A nourishing, often eloquent book by nature writer Middleton (The
Earth Is Enough, 1989), which brings to bubbling life the wonderful
characters and streams he encounters in the majestic Great Smoky
Mountains of North Carolina. Along the way he does a little
fishing. "Angling is simply the best excuse. . .for investing as
much time as possible in the mountains," writes Middleton. The
actual fishing lore here is minimal; the emphasis is on the odd
assortment of people, the natural and local history, and the
ecology and imperiled beauty of the region. Once, along the banks
of the Oconaluftee River, deliriously ill from food poisoning,
Middleton was rescued by Exie Sopwith, a mountain woman who claimed
to cure a "cough by eating little bits of spiderwebbing rolled into
tiny balls." Though he cherishes solitude in the blue,
cathedral-like Smokies, he also shares water with a fly-fishing
fanatic, a Wall Street executive who attends A.A. meetings because
he enjoys making contact with "other troubled human beings." Then
there's Ambrose Noel, who wanders Hazel Creek with a prayer wheel,
chanting an old Doors song; a young Cherokee who tells him, "You
get education, jobs, housing. . . and we get our own trout water.
Fair's fair"; Arby Mulligan, a self-styled John the Baptist who, as
a practicing phrenologist, carries calipers and a rule, and heads
the Owl Creek Gap Church of Universal Harmony. The descriptions of
forest and rivers and the national park system in the
800-square-mile region include all the numbers - 50 species of
mammals, 200 resident species of birds, 70 Species of fish, "more
species of trees than in all Europe" - but are also touched with a
resonance that brings to the writing something approaching poetry.

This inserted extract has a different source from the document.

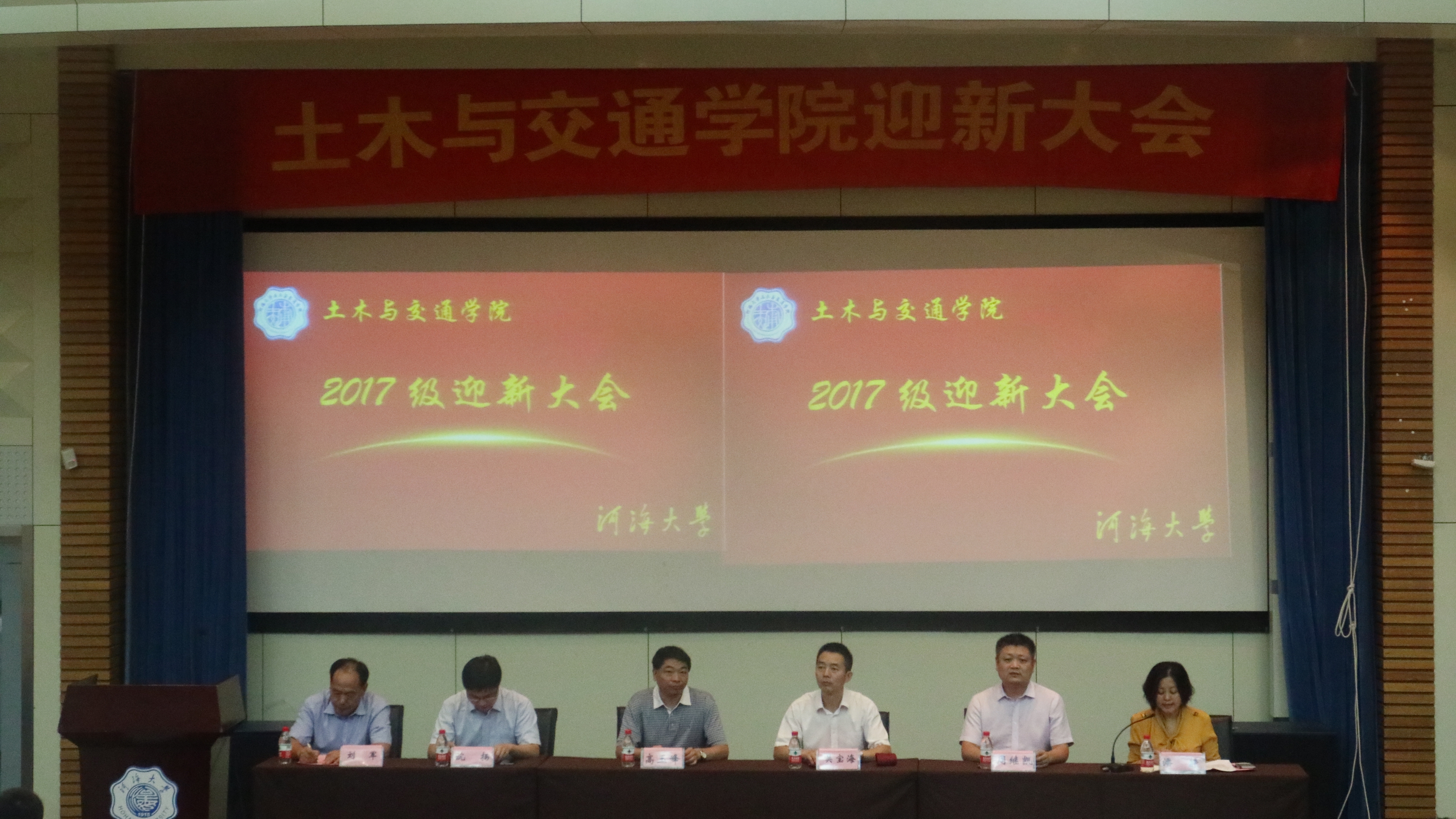 恰逢第33个教师节,新生代表们为17级班导师献花。院长高玉峰教授致辞并从学院的发展历史、学科建设、师资团队、院系特色等方面做了详细介绍,并指出了大学与高中的不同,希望同学们在大学中可以做到关爱自己、关爱父母、关爱集体,在奋斗与奉献中收获难忘的大学生活。副院长沈扬教授介绍了河海土木工程专业和交通工程专业的培养特点以及学院在引导学生积极求学方面所开展的多方努力,列举出许多优秀学长学姐作为同学们学习的榜样。最后沈院长勉励同学们在大学期间要脚踏实地,认真学习,积累知识,实现自己的价值。潘静副书记希望同学们领悟艰苦朴素、实事求是、严格要求、用于探索的校训,坚持“大哉河海奔前程,毋负邦人期”的价值追求,锻造河润万物、海纳百川、精研求真、务实重行的河海特质,在青春的道路上镌刻下土木、交通人奋斗的印迹,成为具有中国灵魂、全球视野、河海特质的栋梁之才!随后,高年级学生代表李升涛与新生们分享了自己对于大学生活的感悟,17级新生代表徐丹丹表达了对大学生活的期待与向往。

A book to savor and to linger over. (Kirkus Reviews)
The entrancing new work by Harry Middleton, the author of the
popular The Earth Is Enough. This is a fisherman's appreciation of
the wonderfully wild Great Smoky Mountains which straddle the
Tennessee-North Carolina border, and includes lyrical accounts of
eccentric people, evanescent landscapes and unexpected climates
among the permanence of the mountains.